Using the listing below, copy exactly the lines from the one containing "活动期间内英子达到4阶且排名进入前10名。即可领取丰厚奖励。" to the one containing "Old photos of", both lines included, and no others.

Provided material
◇ ◇ ◇ ◇
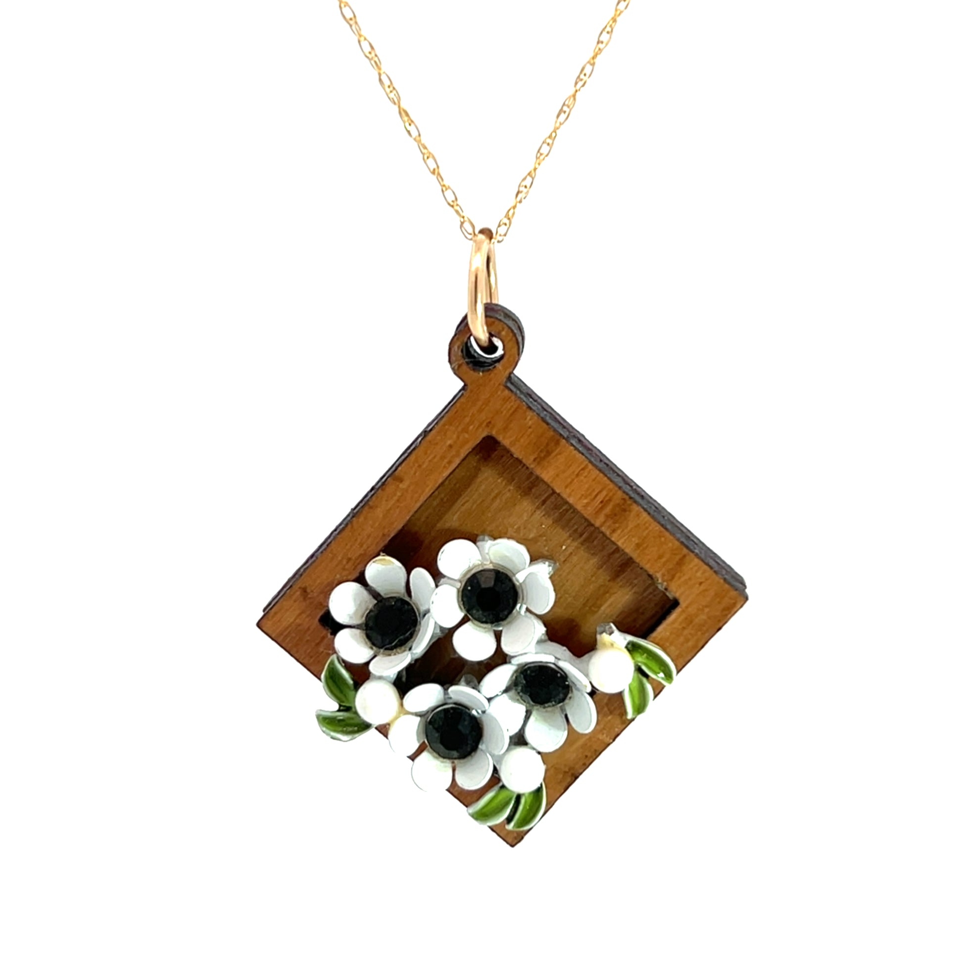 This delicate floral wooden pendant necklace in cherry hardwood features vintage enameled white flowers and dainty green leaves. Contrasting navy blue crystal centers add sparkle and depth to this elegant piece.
◇ ◇ ◇ ◇
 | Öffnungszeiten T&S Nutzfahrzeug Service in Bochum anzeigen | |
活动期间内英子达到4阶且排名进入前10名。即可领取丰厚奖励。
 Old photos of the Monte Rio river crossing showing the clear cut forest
◇ ◇ ◇ ◇
Written response
活动期间内英子达到4阶且排名进入前10名。即可领取丰厚奖励。
 Old photos of the Monte Rio river crossing showing the clear cut forest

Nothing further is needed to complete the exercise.